Abstract
Rhodotorula mucilaginosa are saprophytic yeast, and opportunistic infections known as human rhodotorulosis are increasing in immunocompromised patients. In this study, we isolated R. mucilaginosa from pet dogs in Japan and determined the minimum inhibitory concentrations (MICs) of antifungal drugs on these isolates to investigate the drug susceptibility pattern. All 10 isolates according to the broth microdilution (BM) assay of the Clinical and Laboratory Standards Institute (CLSI) M27-A2 were resistance to azoles and genetically close to fluconazole (FLZ)-resistant human isolates of R. mucilaginosa. Due to resistance, it is expected that treatment will be difficult if they infect humans.
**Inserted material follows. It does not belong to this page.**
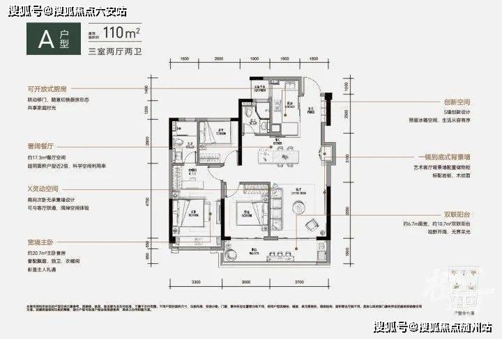 - **建面110㎡三房**:动静分区+南向三开间+6.5米大阳台,主卧套房设计;
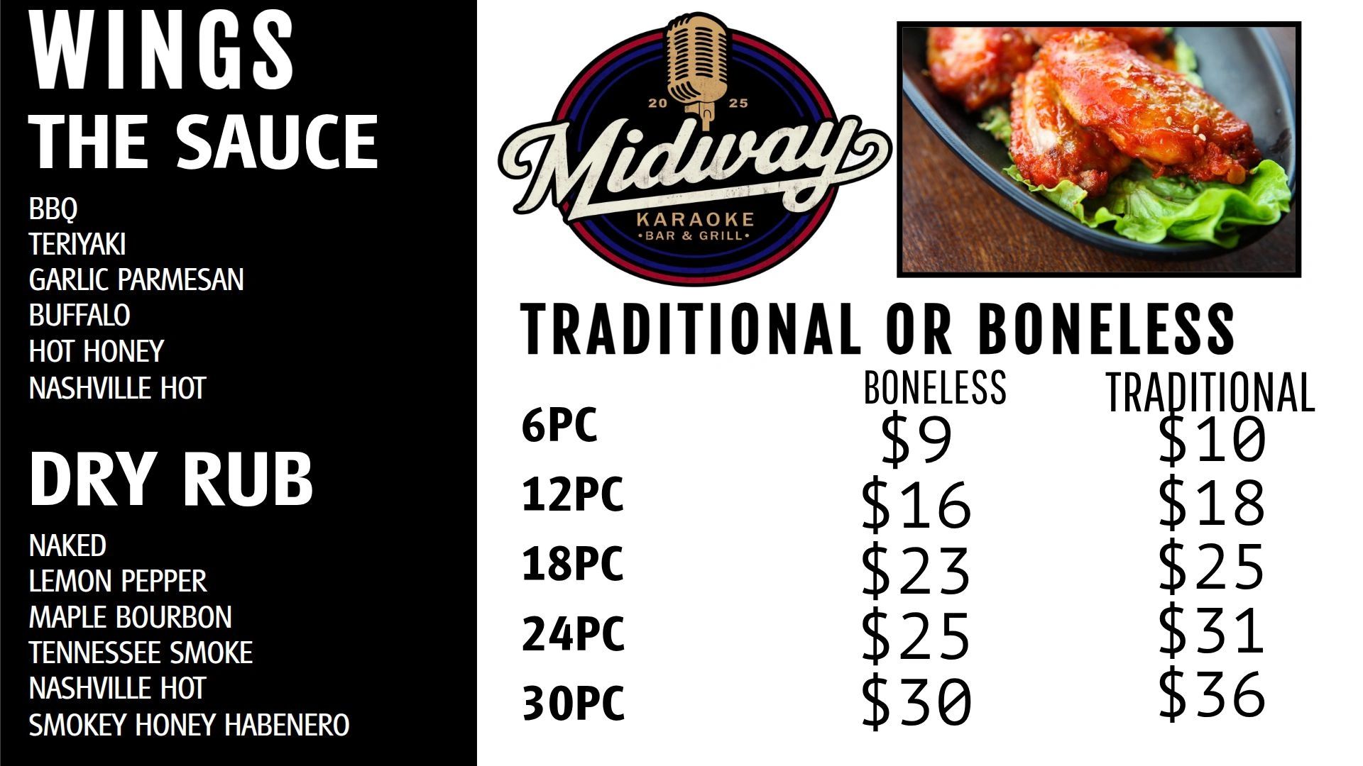 We have all the flavor of wings you could possibly want! Don't see a flavor you want, let us know and we will get it added to the line up!

Keywords: antifungal resistance, canine, Rhodotorula mucilaginosa, susceptibility testing
Rhodotorula spp. are saprophytic yeast that are usually isolated from moist environmental sources, including bathroom surfaces, dairy products, plant surfaces, and as commensal inhabitants of skin and gastrointestinal and upper respiratory tracts of mammals [8]. Infections with Rhodotorula spp. in dogs are very rare, but granulomatous epididymitis, cystitis, and respiratory tract infections have been reported [1, 8]. Opportunistic infection of humans, known as rhodotorulosis, is increasing in immunocompromised patients and is associated with high mortality despite antifungal treatments [6, 11, 13]. Therefore, rhodotorulosis is not a problem for dogs themselves, but might be concern as a zoonosis that can be transmitted directly to immunocompromised patients from healthy dogs, or from medical staff who have pets through medical equipment such as catheters.
In this study, we isolated R. mucilaginosa from pet dogs in the Tokyo area of Japan and determined the minimum inhibitory concentrations (MICs) of antifungal drugs on these isolates to investigate their drug susceptibility.
A total of 10 yeast isolates were collected from canine skin and ear canals in 2020; all were isolated from nine pet dogs that were kept in 9 different homes located in the Tokyo region of Japan (Table 1). In this study, seven of nine dogs (all dogs were diagnosed with seborrheic dermatitis or otitis externa) had been treated with oral itraconazole (ITZ) and ketoconazole (KTZ) or a shampoo with miconazole (MIZ) (Table 1). No fungal infections have been found in the owners of the patient dogs.
Table 1. Minimum inhibitory concentrations (mg/l) of antifungal drugs against the tested isolates.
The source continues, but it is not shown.